= Stanley Smith (geologist) =

British geologist (1883–1955)

Stanley Smith (7 March 1883 – 1 July 1955) was a British geologist and academic. He was born in Middlesbrough, Yorkshire in 1883. He attended Darlington Grammar School and after completion of school, worked in a chemical laboratory of the Darlington Forge Company. He enrolled in Armstrong College (now Kings College, University of Newcastle upon Tyne), in Newcastle upon Tyne, in 1904, taking his B.Sc. in 1907, followed by M.Sc. in 1909 and D.Sc. from Cambridge in 1915. His mentor at Armstrong College was Prof. G. A. Lebour, under whose influence Smith investigated the coalfields of Northumberland and the Carboniferous limestone of the local fells. His research steadily moved into the study of Palaeozoic corals, for which he would become a world expert.

== Career ==
After taking a fellowship at Armstrong College, Smith moved to Clare College, Cambridge in 1912. He published his first paper on corals there. He then worked at Aberystwyth College, Wales from 1913 until 1920, Bedford College for Women, London (1920-1921) and Toronto College (1921-1922). Smith became assistant lecturer in geology at the University of Bristol in 1922 and eventually retired from this university in 1948. From 1913-1930, Dr Smith undertook annual vacations which would include work at the British Museum ((N.H.) now Natural History Museum), and much of this work was undertaken with Dr W.D. Lang. Smith, Lang and H. Dighton Thomas would collaborate on a volume published in 1940, "Index of Palaeozoic Coral Genera" which was much admired by coral experts. He and Lang would mentor students from Cambridge, including Dorothy Hill, who was working on her PhD at Cambridge in the 1930s. During World War II, extensive bombing of the Bristol Museum damaged a number of the collections Smith worked on. Like many academics he was prevented from continuing his research at the Natural History Museum in London, due to the emergency relocation of its collections for preservation during the War.

== Later life ==
Dr Smith was awarded the Geological Society of London's Lyell Medal in 1947. In addition to his interest in palaeontology, he also undertook research into Greek and Roman antiquities during his retirement, with D.E. Eichholz of the University of Bristol. This included a translation of the works of Theophrastus, and his geological studies.
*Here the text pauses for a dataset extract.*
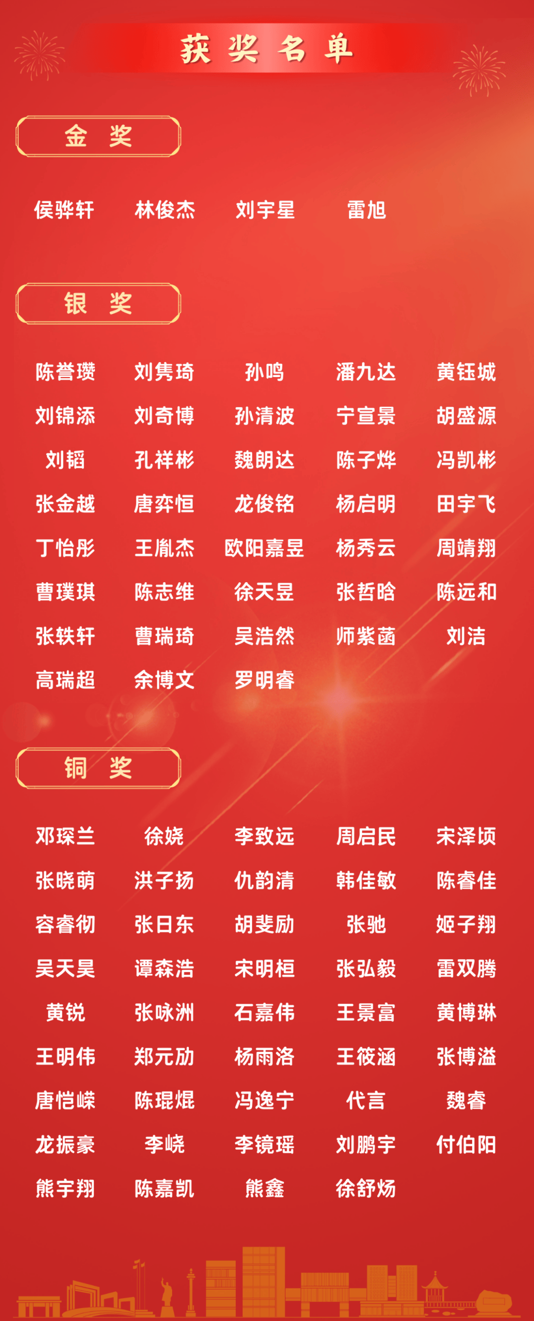 金奖获得者:雷旭(左三),林俊杰(左四),刘宇星(右三),侯骅轩(右二)

Smith was a member and secretary of the South-Western Naturalists Union and member of the Bristol Naturalists Society.

== Legacy ==
Smith died in Bristol, Gloucester, in 1955. He was survived by his wife, whom he married in 1924.

Each year, the Stanley Smith Prize, named in his honour, is awarded to the best Level 3 student in palaeontology at the University of Bristol.